Ante tal desconocimiento, al sujeto sólo le queda confesar el pecado
y someterse al interrogatorio. Sólo ese primer interrogatorio le
abrirá las puertas, aunque en un principio de manera borrosa,
oscura, opaca, al conocimiento. Pero no nos referimos al conocimiento
de ese pecado esencial. No, sino a la libertad de ese sujeto.
Expliquemos
esto un poco. Por un lado el hombre debe confesar su pecado, es
decir, que el no es más que la encarnación del pecado original.
Este hecho, esta confesión, no le abre las puertas al conocimiento
de ese pecado, o sea, sus causas, su tribunal, su juez, sino que le
abre las puertas del conocimiento. Ese conocimiento nunca llega de
manera automática una vez confesado el pecado, sino a través de un
trabajo duro.

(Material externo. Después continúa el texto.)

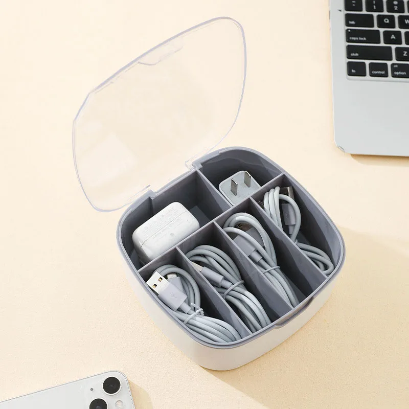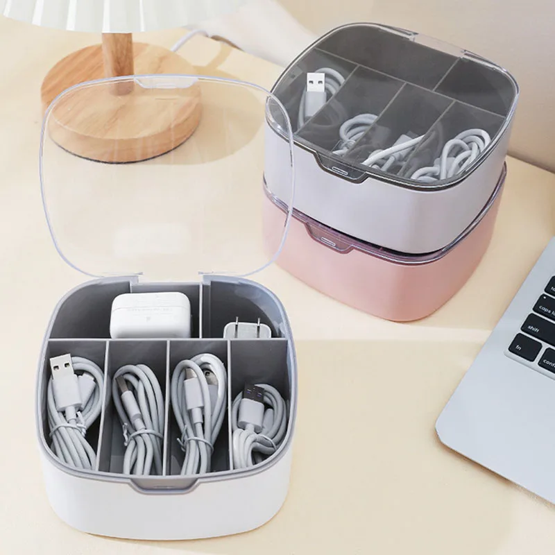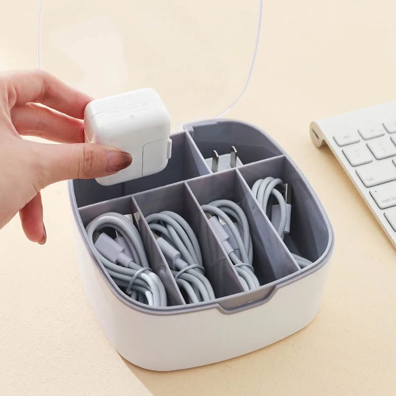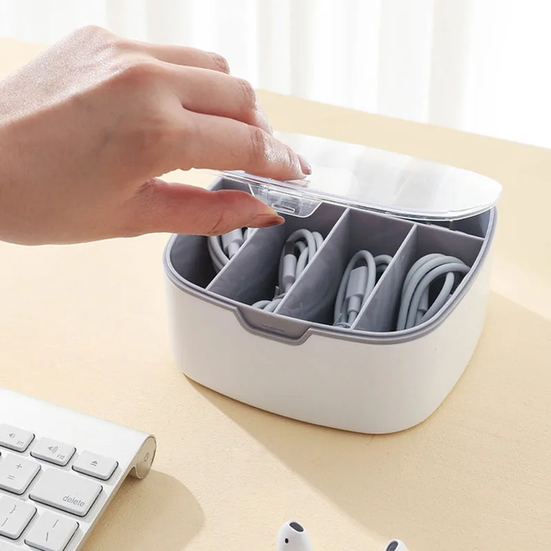 Cable storage box Dustproof headphone cable with cover Charging head sorting box Portable grid Plastic Data Line Storage - Купить с бесплатной доставкой

Y sólo a través de ese trabajo duro, un trabajo duro
que sea capaz de sostener un aparato simbólico e ideológico en el
que el hombre, sujeto menesteroso donde los haya, logre estar seguro,
el hombre, decía, encontrará la ansiada libertad.
Da
la impresión que el propio Kafka nos hace dar un buen rodeo, pero es
importante destacar que ese rodeo es decisivo porque nos permite
cambiar de perspectiva en relación con al aparato simbólico
ideológico. Desde la perspectiva habitual, en cierto modo viciada
-hecho que llama más la atención en los tiempos de crisis-, la
burocracia, o sea, la materialización de todo ese aparato simbólico
ideológico, aparece como un ente opresor. Y esta visión podría
pasar por una interpretación de la obra de Kafka, en la que su
personaje principal sufre de manera tiránica las veleidades del
poder burocrático. Pero, más allá de esta lectura, que, en cierto
modo, podríamos denominar como descriptiva, Kafka parece proponernos
el punto de vista de la ley. En este sentido, en El
Proceso, más que el
sujeto, el que habla es la ley. Este cambio de perspectiva supone que
lo que antes era pura subjetividad, es decir, la degradación del
propio sujeto por parte de un poder burocrático impersonal y
nivelador, se convierta en grandeza de la propia ley, es decir, que
lo que se pone de manifiesto es que el sujeto, llegado el estado
actual de las cosas, no puede seguir haciendo un uso particular de la
ley porque en ello está su propia muerte, su propia destrucción. En
los dos casos se habla de la muerte del sujeto, pero mientras que la
primera es por culpa de la ley, en la segunda es por culpa del propio
sujeto, que ya es diferencia.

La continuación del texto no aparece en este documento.